WORK ITEM - Each line shown below should be copied exactly.

DATA SEGMENT -
▼▼▼

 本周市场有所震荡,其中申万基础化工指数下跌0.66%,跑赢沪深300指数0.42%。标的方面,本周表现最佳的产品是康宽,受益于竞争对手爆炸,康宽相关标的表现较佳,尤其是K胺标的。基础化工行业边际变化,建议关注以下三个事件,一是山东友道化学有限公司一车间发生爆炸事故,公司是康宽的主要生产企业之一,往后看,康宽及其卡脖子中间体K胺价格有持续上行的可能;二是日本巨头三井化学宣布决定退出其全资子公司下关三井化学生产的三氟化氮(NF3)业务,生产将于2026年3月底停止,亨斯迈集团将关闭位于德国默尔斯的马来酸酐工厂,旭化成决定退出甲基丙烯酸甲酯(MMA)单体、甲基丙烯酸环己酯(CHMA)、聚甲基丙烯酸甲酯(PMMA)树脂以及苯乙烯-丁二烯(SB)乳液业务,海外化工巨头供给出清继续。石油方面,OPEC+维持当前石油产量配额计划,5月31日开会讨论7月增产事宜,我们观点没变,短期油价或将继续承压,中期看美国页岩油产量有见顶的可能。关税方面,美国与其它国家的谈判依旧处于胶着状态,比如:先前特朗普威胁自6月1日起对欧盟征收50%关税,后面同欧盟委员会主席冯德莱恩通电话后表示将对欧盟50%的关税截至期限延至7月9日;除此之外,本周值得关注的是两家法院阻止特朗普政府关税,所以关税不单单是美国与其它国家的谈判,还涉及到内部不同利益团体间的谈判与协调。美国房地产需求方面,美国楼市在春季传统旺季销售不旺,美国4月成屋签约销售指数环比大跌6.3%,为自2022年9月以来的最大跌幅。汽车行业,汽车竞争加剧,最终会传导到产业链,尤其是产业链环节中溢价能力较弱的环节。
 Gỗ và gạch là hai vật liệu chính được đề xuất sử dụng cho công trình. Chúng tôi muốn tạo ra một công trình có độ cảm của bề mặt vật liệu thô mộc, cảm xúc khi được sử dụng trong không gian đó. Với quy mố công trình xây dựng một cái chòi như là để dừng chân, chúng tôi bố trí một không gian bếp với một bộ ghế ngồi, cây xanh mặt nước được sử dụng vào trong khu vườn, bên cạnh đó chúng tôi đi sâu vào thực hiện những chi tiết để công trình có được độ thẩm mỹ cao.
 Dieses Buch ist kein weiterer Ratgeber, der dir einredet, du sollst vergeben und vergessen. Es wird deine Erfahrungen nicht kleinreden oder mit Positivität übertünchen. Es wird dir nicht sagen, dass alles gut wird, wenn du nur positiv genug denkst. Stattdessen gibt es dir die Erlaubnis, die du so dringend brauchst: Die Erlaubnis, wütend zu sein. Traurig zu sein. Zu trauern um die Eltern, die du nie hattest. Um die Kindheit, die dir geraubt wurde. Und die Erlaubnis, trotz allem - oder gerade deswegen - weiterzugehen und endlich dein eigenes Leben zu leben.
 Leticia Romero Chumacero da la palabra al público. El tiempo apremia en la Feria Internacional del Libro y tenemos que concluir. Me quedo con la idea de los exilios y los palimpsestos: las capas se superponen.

▲▲▲

EXERCISE RESULT -
 本周市场有所震荡,其中申万基础化工指数下跌0.66%,跑赢沪深300指数0.42%。标的方面,本周表现最佳的产品是康宽,受益于竞争对手爆炸,康宽相关标的表现较佳,尤其是K胺标的。基础化工行业边际变化,建议关注以下三个事件,一是山东友道化学有限公司一车间发生爆炸事故,公司是康宽的主要生产企业之一,往后看,康宽及其卡脖子中间体K胺价格有持续上行的可能;二是日本巨头三井化学宣布决定退出其全资子公司下关三井化学生产的三氟化氮(NF3)业务,生产将于2026年3月底停止,亨斯迈集团将关闭位于德国默尔斯的马来酸酐工厂,旭化成决定退出甲基丙烯酸甲酯(MMA)单体、甲基丙烯酸环己酯(CHMA)、聚甲基丙烯酸甲酯(PMMA)树脂以及苯乙烯-丁二烯(SB)乳液业务,海外化工巨头供给出清继续。石油方面,OPEC+维持当前石油产量配额计划,5月31日开会讨论7月增产事宜,我们观点没变,短期油价或将继续承压,中期看美国页岩油产量有见顶的可能。关税方面,美国与其它国家的谈判依旧处于胶着状态,比如:先前特朗普威胁自6月1日起对欧盟征收50%关税,后面同欧盟委员会主席冯德莱恩通电话后表示将对欧盟50%的关税截至期限延至7月9日;除此之外,本周值得关注的是两家法院阻止特朗普政府关税,所以关税不单单是美国与其它国家的谈判,还涉及到内部不同利益团体间的谈判与协调。美国房地产需求方面,美国楼市在春季传统旺季销售不旺,美国4月成屋签约销售指数环比大跌6.3%,为自2022年9月以来的最大跌幅。汽车行业,汽车竞争加剧,最终会传导到产业链,尤其是产业链环节中溢价能力较弱的环节。
 Gỗ và gạch là hai vật liệu chính được đề xuất sử dụng cho công trình. Chúng tôi muốn tạo ra một công trình có độ cảm của bề mặt vật liệu thô mộc, cảm xúc khi được sử dụng trong không gian đó. Với quy mố công trình xây dựng một cái chòi như là để dừng chân, chúng tôi bố trí một không gian bếp với một bộ ghế ngồi, cây xanh mặt nước được sử dụng vào trong khu vườn, bên cạnh đó chúng tôi đi sâu vào thực hiện những chi tiết để công trình có được độ thẩm mỹ cao.
 Dieses Buch ist kein weiterer Ratgeber, der dir einredet, du sollst vergeben und vergessen. Es wird deine Erfahrungen nicht kleinreden oder mit Positivität übertünchen. Es wird dir nicht sagen, dass alles gut wird, wenn du nur positiv genug denkst. Stattdessen gibt es dir die Erlaubnis, die du so dringend brauchst: Die Erlaubnis, wütend zu sein. Traurig zu sein. Zu trauern um die Eltern, die du nie hattest. Um die Kindheit, die dir geraubt wurde. Und die Erlaubnis, trotz allem - oder gerade deswegen - weiterzugehen und endlich dein eigenes Leben zu leben.
 Leticia Romero Chumacero da la palabra al público. El tiempo apremia en la Feria Internacional del Libro y tenemos que concluir. Me quedo con la idea de los exilios y los palimpsestos: las capas se superponen.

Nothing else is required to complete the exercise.